Au plan international, le Maroc souffre d’une réputation de “pays producteur de terroristes” depuis l’implication d’immigrants originaires du Maroc dans les attentats terroristes de Madrid. Le pays lui-même a subi de plein fouet une vague meurtrière d’attentats terroristes, à Marrakech en avril 2007 et à Casablanca en mai 2003.

Le dernier film de Pete Travis intitulé Vantage point sorti sur les écrans au début de l’année, raconte l’histoire d’une tentative d’assassinat du président américain ourdie et exécutée en Espagne par un réseau de terroristes marocains. Dans la même veine, le New York Times a récemment dépêché un de ses reporters dans la banlieue de la ville de Tétouan, au nord du Maroc, pour enquêter sur les filières qui encouragent de nombreux jeunes Marocains à s’enrôler sous la bannière d’Al Qaida pour aller se faire exploser en Irak.
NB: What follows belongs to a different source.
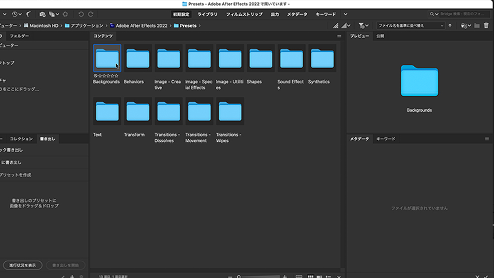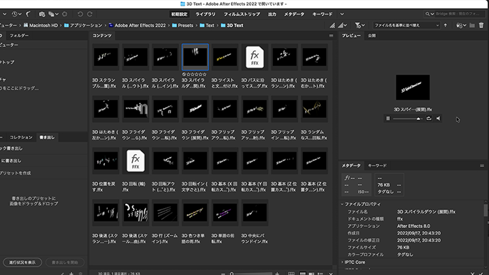 カテゴリフォルダが表示され、そのフォルダ内にはプリセットがあり、各プリセットがどのようにアニメーションするのか、エフェクトがかかるのかをプレビューして確認することができます。

Le titre de l’enquête était sans équivoque: “Where Boys Grow Up to Be Jihadis”.

Prenant la situation au sérieux, les autorités marocaines n’ont pas ménagé leurs efforts pour démanteler de nombreuses cellules d’islamistes armés susceptibles de renforcer l’influence d’Al Qaida au Maghreb, et pour éliminer les causes profondes de l’extrémisme afin d’étouffer dans l’œuf la création de nouvelles cellules.

Même s’il a suscité un débat houleux, leur dernier exploit a été l’arrestation et le démantèlement du réseau d’Abdelkader Belliraj, soupçonné d’être lié à Al Qaida. Ce terroriste maroco-belge qui s’est révélé par la suite être un agent appointé par les services de sécurité Belges, est soupçonné d’assassinats multiples, ainsi que de contrebande et blanchissage d’argent.

La stratégie anti-terroriste du Maroc

La stratégie du Maroc pour lutter contre l’Islamisme violent semble se décliner sur plusieurs niveaux. D’abord une permanente et gigantesque opération policière dans laquelle les citoyens sont appelés à jouer un rôle de vigilance accrue. Le tout-sécuritaire investit tous les milieux et mobilise toutes les énergies. Ce recours au contrôle social permet aux informations les plus sensibles de remonter rapidement vers les centres de décisions.

Le Maroc a depuis longtemps autorisé les islamistes modérés qui rejettent la violence à avoir une existence et une expression publiques et à participer aux élections. Mais dès qu’un soupçon pèse sur un groupe politique de vouloir justifier le recours à la violence, les autorités frappent sans pitié. Toute personne qui applaudit au recours à la violence est immédiatement arrêtée et traduite en justice.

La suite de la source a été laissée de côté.